Exam dates and retake possibilities
There is no exam on this course. Every student reserves a 30 min evaluation slot where they will show the task and project results (portfolio) to verify the skills and knowledge required to pass the course. The evaluation will be carried out with 1-on-1 conversations together with the course teacher. The reservation of the evaluation slots will be made possible through the learning platform.
During the last 2 weeks after classes will be reserved for the 1-on-1 evaluations.
Alternative completion methods
You have the right to apply for recognition of your studies if you have prior learning (e.g. university studies completed elsewhere) that can be accredited towards the degree you are currently completing.

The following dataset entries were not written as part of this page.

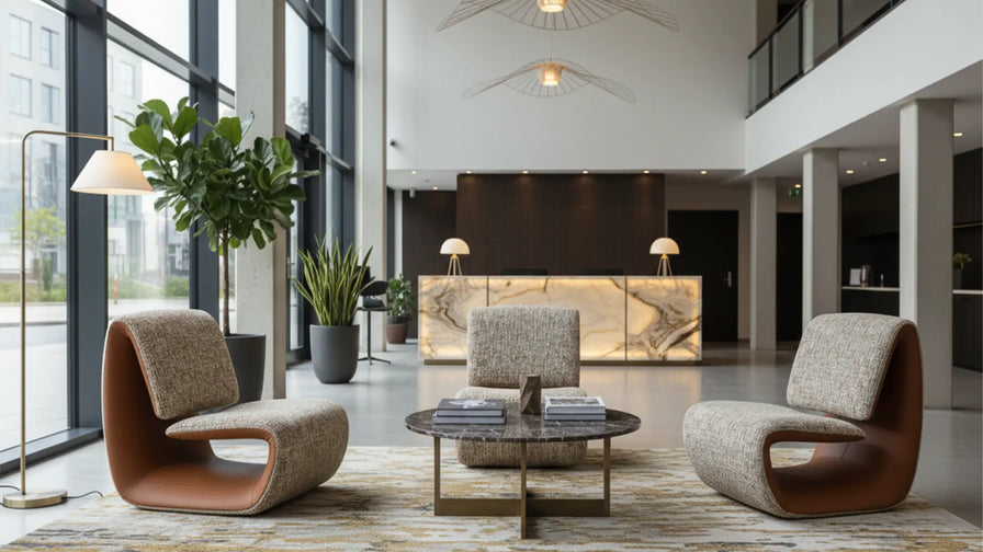 Entdecken Sie Möbel, Farben und Materialien, die eine klare, stilvolle und einladende Atmosphäre in Ihre Business Lounge bringen.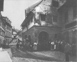 Keywords: Auerjeva hiša in gostilna Pri Wagonu na Wolfovi 1895.jpg Auerjeva hiša in gostilna Pri Wagonu na Wolfovi 2813 1895 author PD-Slovenia Photographs after the 1895 Ljubljana earthquake Historical images of Wolf Street
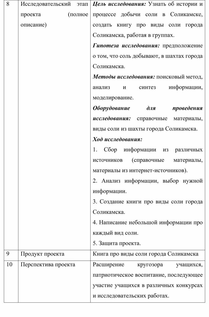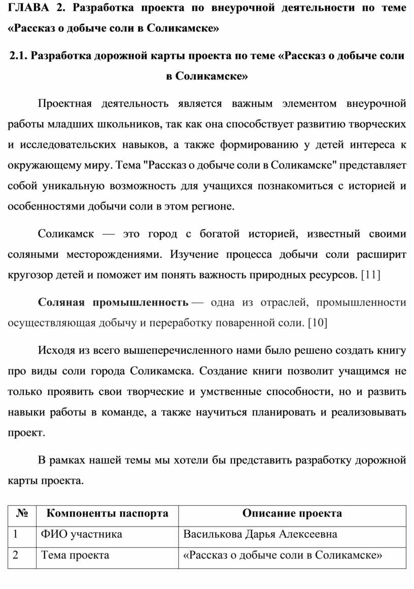 ГЛАВА 2 Разработка проекта по внеурочной деятельности по теме «Рассказ о добыче соли в Соликамске»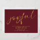 Glam Joyful Script Christmas Party Burgundy Real Foil for Joyful which is in a large modern playful set Calligraphy as is the typography with all the party details. The background color on each side can be changed to another color if preferred via the Edit further option. Easily personalise with your party details.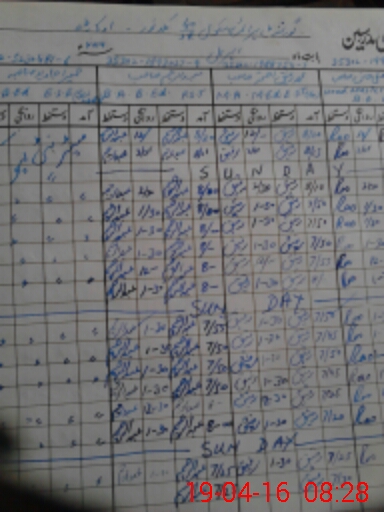 | CNIC | Full Name | Designation | R/C | Absence During Last Calender Month |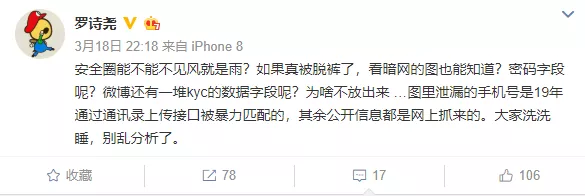 而罗诗尧回应,“泄漏的手机号是 19 年通过通讯录上传接口被暴力匹配的,其余公开信息都是网上抓来的。”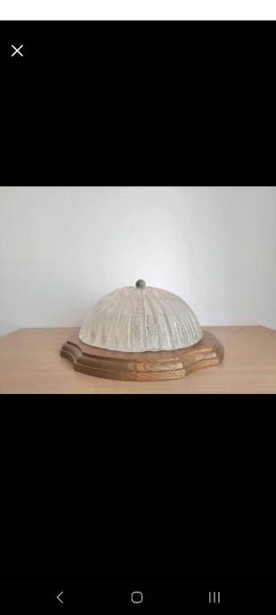 Medeninast gumb na steklu ima že nekaj starostne patine.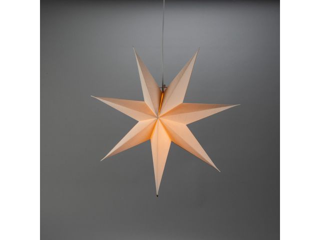 Hängande pappersstjärna vit. Sladdställ med 5 meter anslutningssladd ingår, E14-sockel. Sladdströmbrytare. Diameter 60 cm.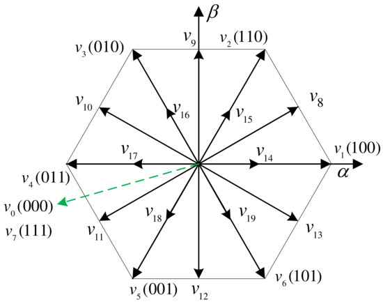 Compared to the power prediction in (16) of the proposed basic MFPPC, the power prediction in (22) is more accurate and timely, because both and are online updated in each control period, which solves the problem of stagnant update in the proposed basic MFPPC. However, as only one voltage vector is applied during one control period, the steady-state performance is still not satisfactory. To improve the steady-state performance of the proposed basic MFPPC, this paper adopts an extended finite control set including 20 voltage vectors rather than 8 voltage vectors in the basic MFPPC. Figure 4 shows the 20 voltage vectors, which include 8 basic voltage vectors and 12 synthesized voltage vectors. These 20 voltage vectors are listed in Table 1.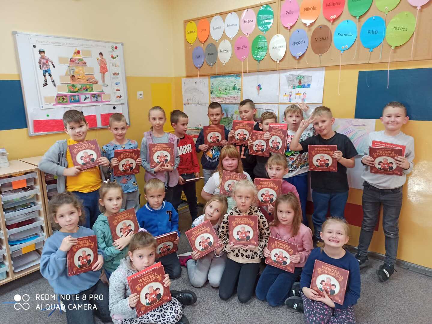 Nasza szkoła bierze udział w ogólnopolskim Projekcie Instytutu Książki ,,Mała książka - wielki człowiek". Z tej okazji dnia 13.11.2023r. pani Dyrektor W. Traczyk wręczyła uczniom klasy pierwszej książki wraz z poradnikiem dla rodziców. Ta kampania społeczna pokazuje niezwykle ważną rolę książek w życiu dzieci. Jednym z jej elementów są działania na rzecz najmłodszych uczniów, aby ich zachęcić do częstego sięgania po książki i regularnego czytania, zarówno samodzielnego, jak i z udziałem najbliższych. Mamy nadzieję, że chęć i zapał do czytania będzie towarzyszyć uczniom na co dzień.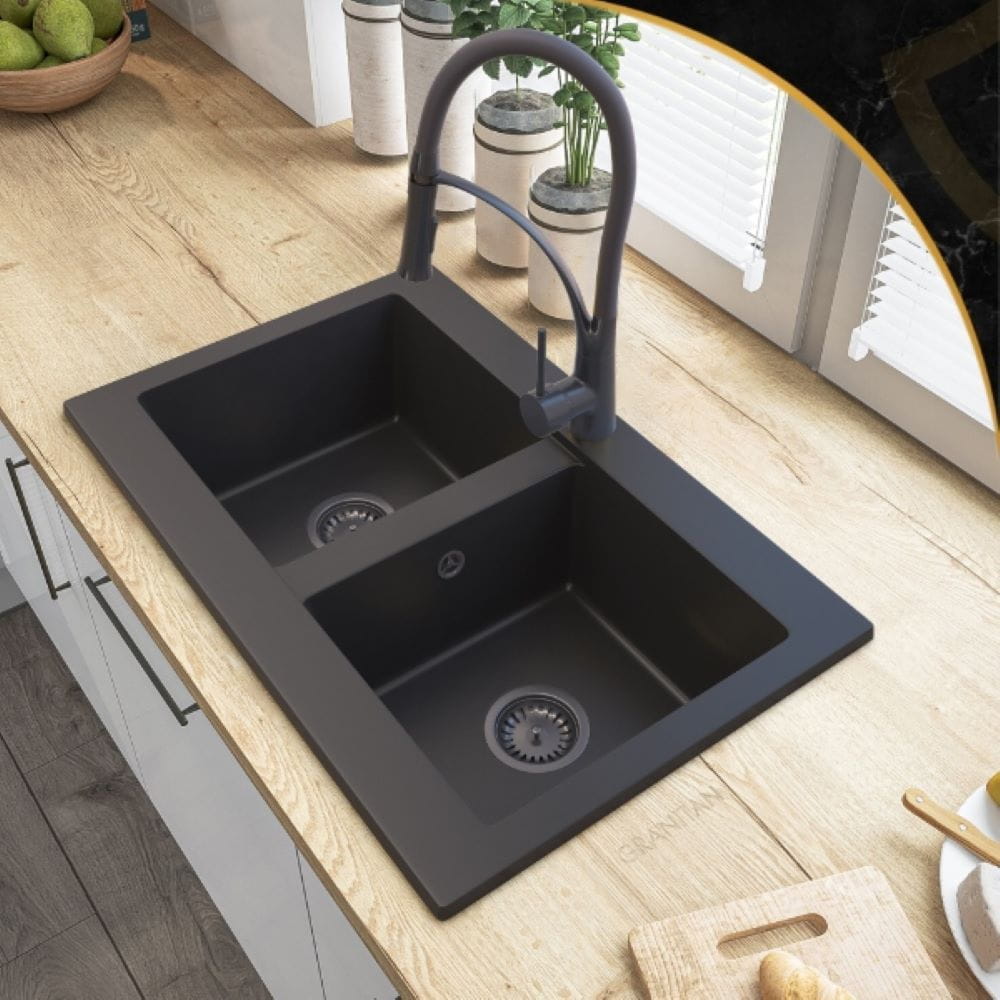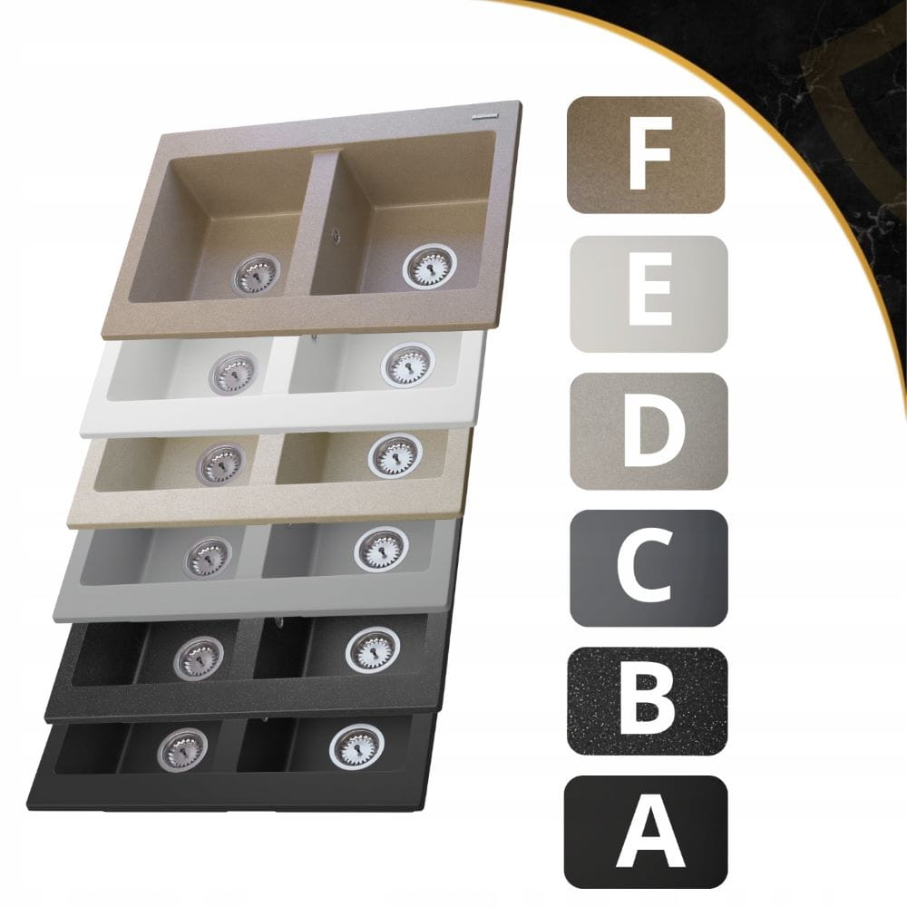 Zlewozmywak granitowy dwukomorowy kuchenny Verso - syfon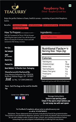 HomeGroceryBeveragesTeaTEACURRY Raspberry Tea (200 Grams 400 Cups)- Helps with Period health Fertility Labour & Child birth - Raspberry From Washington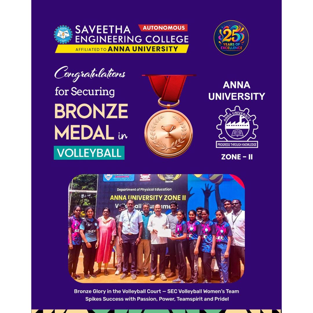 🏐 SEC Volleyball Women’s Team secures Bronze Medal at the Anna University Zone-II Volleyball Tournament.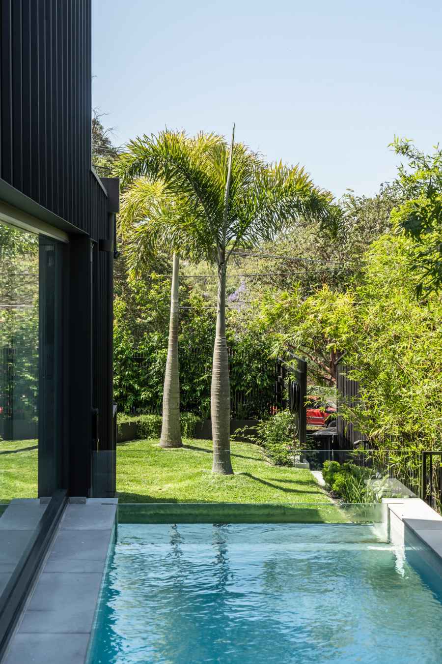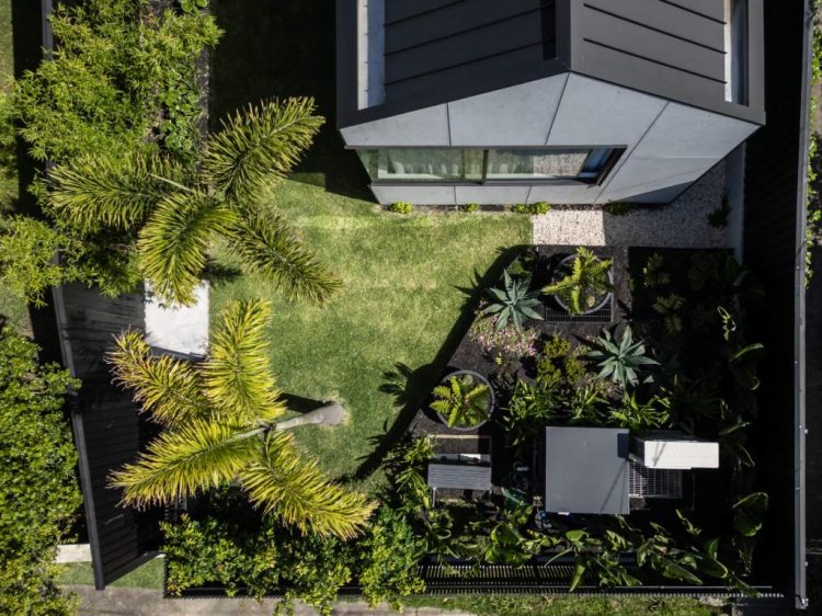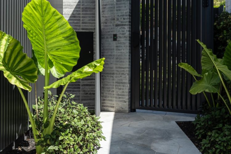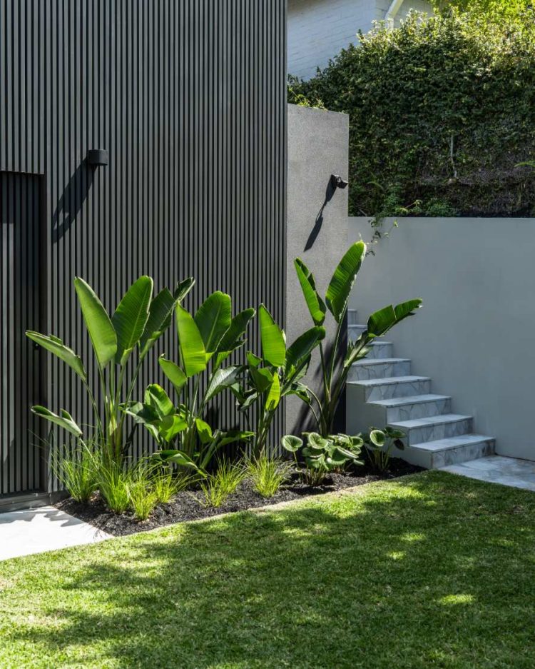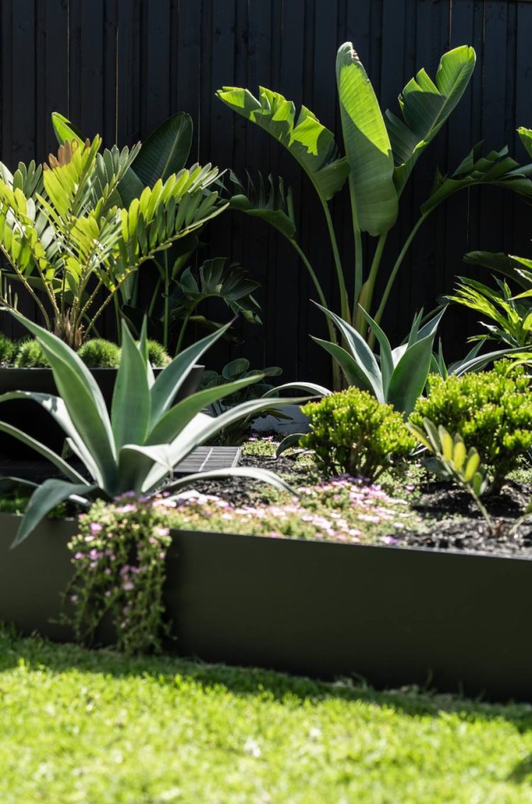 A modern tropical garden designed to complement the striking new home by Carla Middleton Architecture. Deep greens and silver species contrast against the strong black built form, with architectural planting and feature palms creating a landscape that feels well established.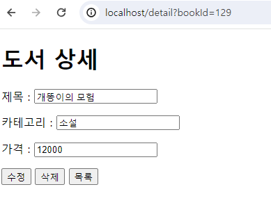 요청파라미터 : {bookId=127, title=개똥이의 모험2, category=소설2, price=12002}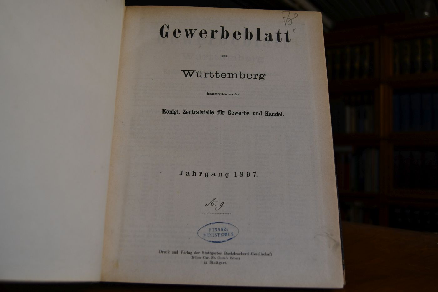 Gewerbeblatt aus Württemberg herausgegeben von der Königl. Zentralstellefür Gewerbe und Handel. Jahrgang 1897.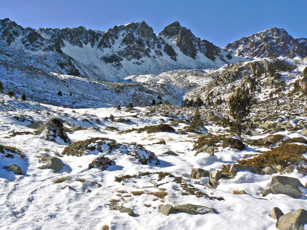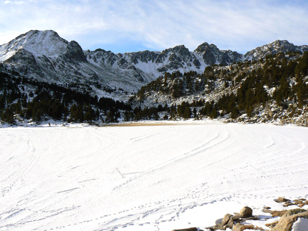El circo de Pessons al final de un magnifico valle con 6 lagos helados. Esta imagen podria corresponder al mes de Octubre o Mayo, pero estamos a 3 de Febrero.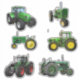 Here are six green tractors - new ones, old ones, shiny ones, and dull ones!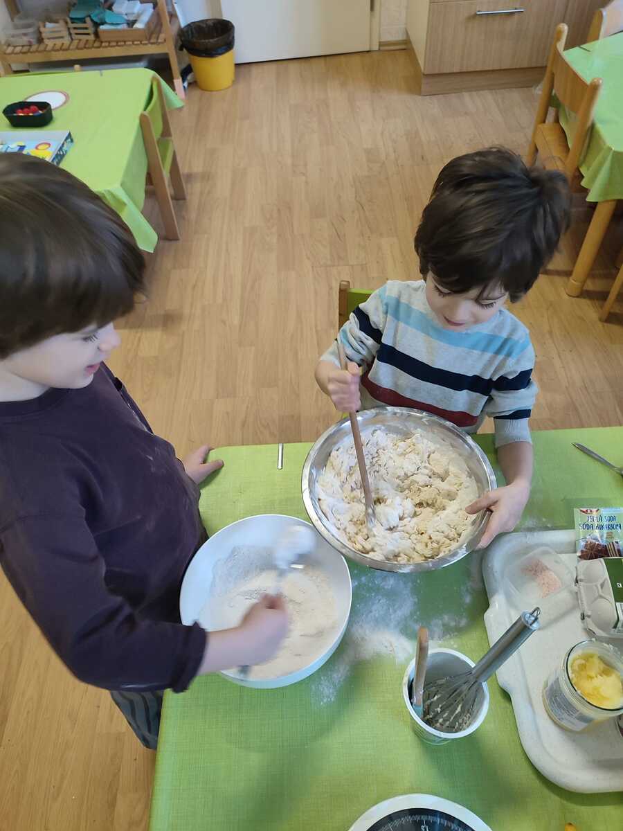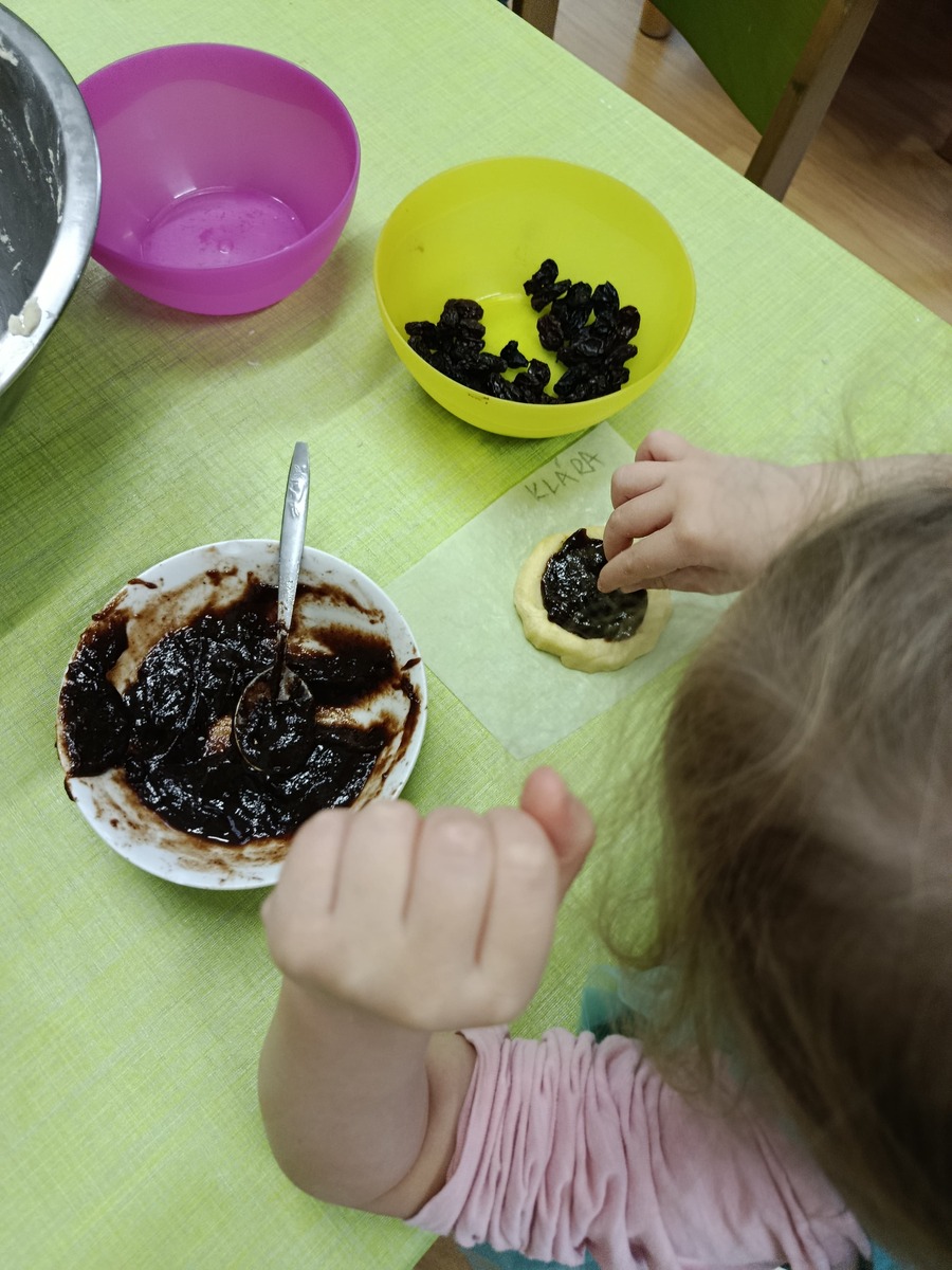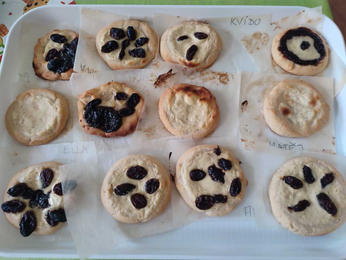 K masopustní veselici patří samozřejmě i hostina. A na té nemůžou chybět koláče! My už víme, že bez práce to nejde, takže jsme od rána pilně připravovali těsto a náplně. Bylo potřeba správně odvážit množství rýžové a celozrnné mouky, smíchat s kypřícím práškem, sodou a solí. Ve druhé míse jsme míchali bílý jogurt s vajíčky, agávovým sirupem a ghee. Ze všech surovin jsme vypracovali husté těsto, z něj si každý vytvaroval své koláčky, které si naplnil a ozdobil dle své chuti. Na tvarohovou náplň jsme smíchali tvaroh se žloutkem, vanilkovým cukrem a nastrouhanou bio citrónovou kůrou. Povidla jsme rozmíchali s trochou vody. Někteří si koláček ozdobili ještě rozinkami. Koláčky se nám povedly náramně, voněly po celé školce a chutnaly nejlíp ze všeho! Však jsme vzali ochutnat i rodičům. A pokud chcete recept, tady jej máte!

The recognition of prior learning is possible in three primary ways: accreditation (replacement or inclusion), recognition of informal learning and studification. More precise info: JAMK Degree Regulations, section 17.
Student workload
One credit corresponds to an average of 27 hours of work, which means that the load of five credits is approximately 135 hours. The load is distributed roughly the following way:
- Lectures: ~30h
- In-class activities: ~30h
- Weekly tasks: ~20h
- Projects and preparing for lectures: ~40h
- End task / portfolio: ~10h
Content scheduling
General scheduling:
- 2 hours per week for lectures (virtual)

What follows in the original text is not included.